Mommy, why we can’t have nice things?
It’s Admissions, darling. Those mean people in Admissions.
Full disclosure. I’d love it if Duke could lessen Kyle Filipowski’s burden with a twitchy, seven-foot, future lottery-pick rim protector.
Come on down.
But Duke doesn’t have one. Not many college teams do.
A sizeable portion of the Duke fan base thinks that’s because Duke has set up impossible barriers to bringing in under-grad transfers.
Is it harder to get transfer credits accepted to Duke, basketball players or otherwise? Sure. And I’m okay with that. This is Duke we’re talking about, not the local community college. But darn near every Duke coach not named Jon Scheyer has successfully navigated that path. So, there’s something else going on here.
Let’s reprise. Since the institution of the transfer portal, Duke men’s basketball’s only transfers have been of the grad-student variety, Patrick Tape, Theo John, Bates Jones, Ryan Young, Jacob Grandison, Kale Catchings.
None this year. No one left by the portal, no one came in by the portal.

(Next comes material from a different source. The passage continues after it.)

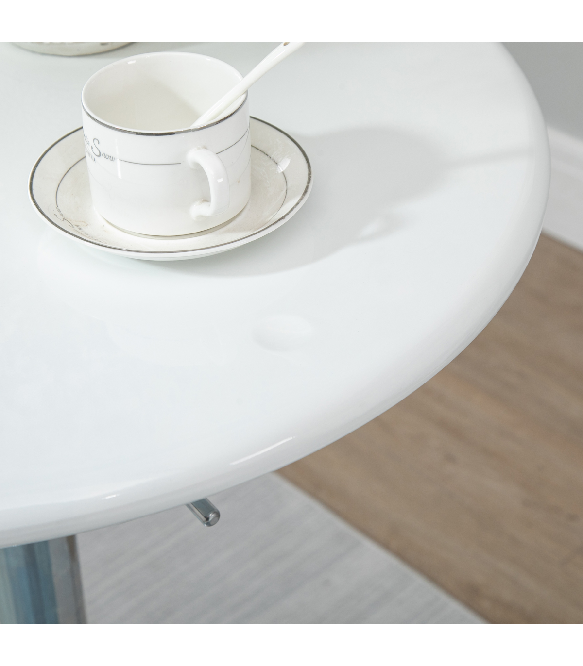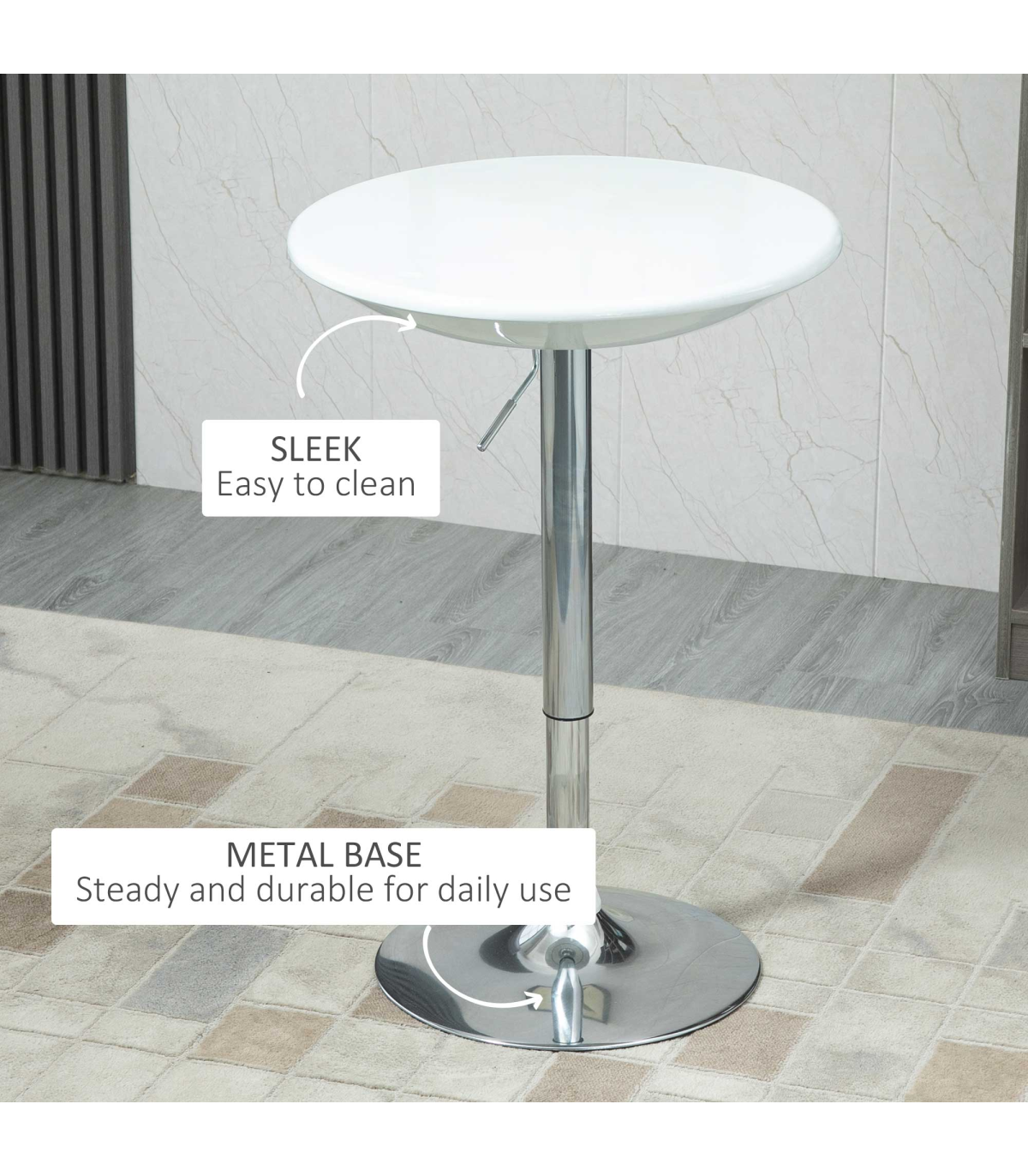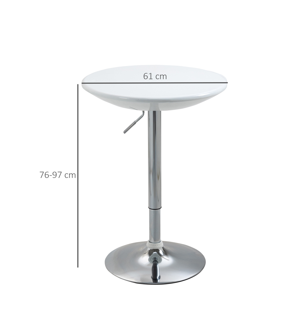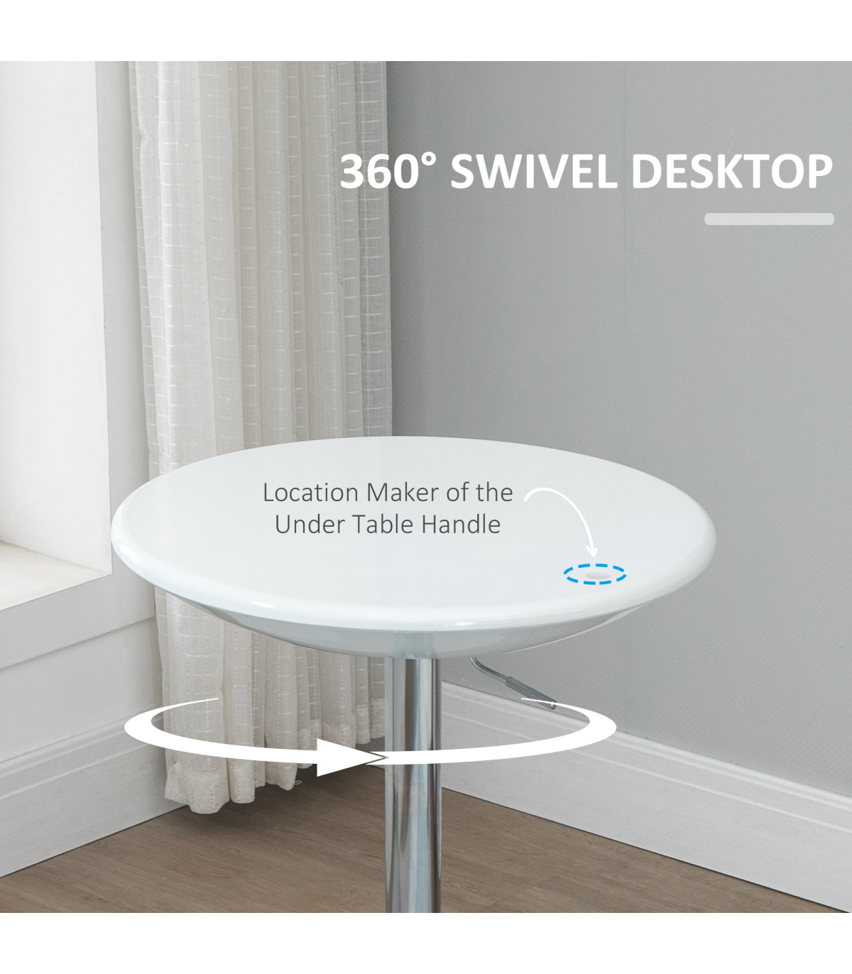 SLEEK MOD AESTHETIC: The sleek and neutral white painted tabletop with silver steel base is a perfect addition to modern home bars, patio, pubs, parties and restaurant, etc. The location maker of the handle is a convenient design.360SWIVEL TABLETOP: Swivel tabletop provides you with easy access to the foods, drinks, fruits, snack or coffee, making you enjoy the leisure time to your heart's content. ABS painted waterproof desktop can be cleaned with a wet cloth and not be easily dirtied by water or oil stains.HEIGHT ADJUSTABLE: Powered by a pneumatic gas lever, this table can be adjusted from 76 cm to 97 cm to accommodate seated or standing guests, depending on the situation and setting.STURDY STEEL BASE: Made of electroplating and steel chassis, this sturdy pub table can hold up to 80 kg.DIMENSION: Overall Dimension: 61L x 61W x 76-97H cm. Assembly Required.

Which didn’t leave a lot of available scholarships.
Duke has a four-player freshman class. But remember it was a five-player class until Mackenzie Mgbako bailed.
Now Mgbako is 6-8, 215 and no rim protector. He has three blocks through 20 games for Indiana. But he was one of three front-court recruits in a program with a bit of a scholarship crunch. Duke knew Derek Lively III and Dariq Whitehead were going NBA but they had to leave open scholarships for Jeremy Roach, Filipowski, Tyrese Proctor and Mark Mitchell, all of whom eventually returned.
Which means Duke had 13 allocated scholarships until Mgbako jumped ship in the middle of May, too late for any useful prep seniors to still be available.
But there were big men in the portal over the summer and Duke had one available scholarship.